Restricted to masked language models: the current method relies on pseudo log-likelihood (requiring per-position masking) and is not directly applicable to autoregressive PLMs.
Clustering hyperparameter τ requires tuning: the optimal τ depends on the mutational landscape structure of the specific dataset, and no automated selection strategy is provided.
Listwise ranking objectives unexplored: the method still uses a pairwise DPO loss despite full ranking information being available within each group—incorporating listwise ranking losses could further improve efficiency.
Unimodal limitation: only protein sequences are considered; structural or functional modalities are not incorporated.

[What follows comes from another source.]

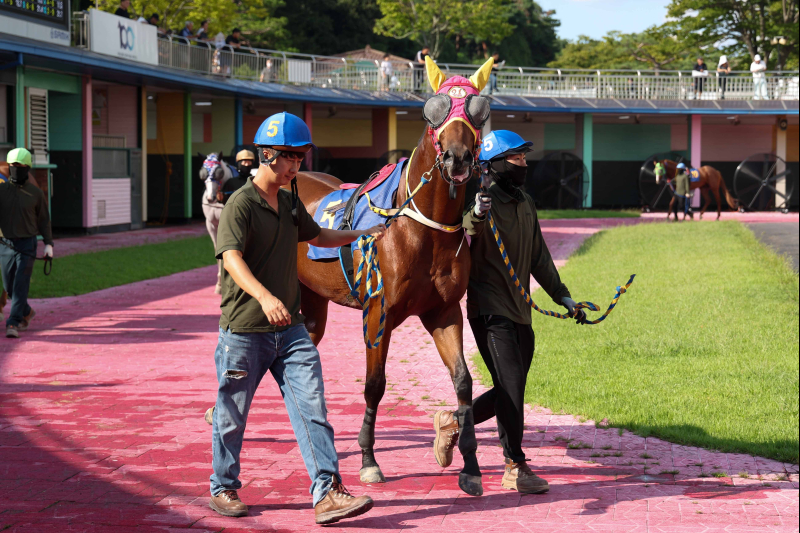 기쁨함성. 사진=한국마사회 기쁨함성 (12전 2/3/4, 레이팅 47, 한국 수 4세 밤색, 부마: 한센, 모마: 테이크미어웨이투, 마주: 김창희, 조교사: 이준철) 명문 혈통을 자랑하는 '한센'의 자마다. 지난 5월 이후 30주 만에 복귀전을 치른다. 2023년 데뷔 이래 1위는 단 2번에 그쳤지만, 통산 연승률은 75%로 출전마 중 가장 높다. 그만큼 기복 없이 차분하고 안정적인 성적을 유지해 온 숨은 복병이다. 휴양 전에는 장추열 기수가 기승했었으나, 이번에는 새롭게 빅투아르 기수와 호흡을 맞춘다.

vs. Standard DPO (Rafailov et al., NeurIPS 2023): Standard DPO is designed for NLP, assuming preference data is provided by human annotators. g-DPO addresses the scalability challenge unique to protein applications—constructing preference pairs from scalar labels—which is a distinctive challenge of applying DPO to biology.
vs. CtrlProt (Liu et al., AAAI 2025): CtrlProt employs rank-wise preference objectives to improve controllability in multi-objective optimization but does not address computational efficiency. g-DPO focuses on efficiency; the two approaches are complementary—g-DPO's clustering strategy could be integrated with CtrlProt's multi-objective framework.
vs. Widatalla et al.: Their finding that random sampling of preference pairs across rank levels yields comparable performance (with minimal difference across gap levels) implies redundancy. g-DPO approaches pruning from sequence space rather than rank space, which is more practically grounded.
The work provides direct guidance for research employing DPO/RLHF in protein engineering—confirming that not all preference pairs are equally valuable, and that comparisons within local neighborhoods are more informative.

Rating¶

Novelty: ⭐⭐⭐⭐ Elegantly combines the local mutation structure of protein sequences with DPO computational optimization; union mask clustering design is particularly well-crafted.
Experimental Thoroughness: ⭐⭐⭐⭐⭐ Three-task in silico + two-task in vitro validation with comprehensive ablation studies; closed-loop experimental verification.
Writing Quality: ⭐⭐⭐⭐ Methodology is clearly derived, progressing logically from motivation to design to experiments.
Value: ⭐⭐⭐⭐ Directly advances the practical application of DPO in protein engineering; accelerated training makes large-scale mutational landscape optimization tractable.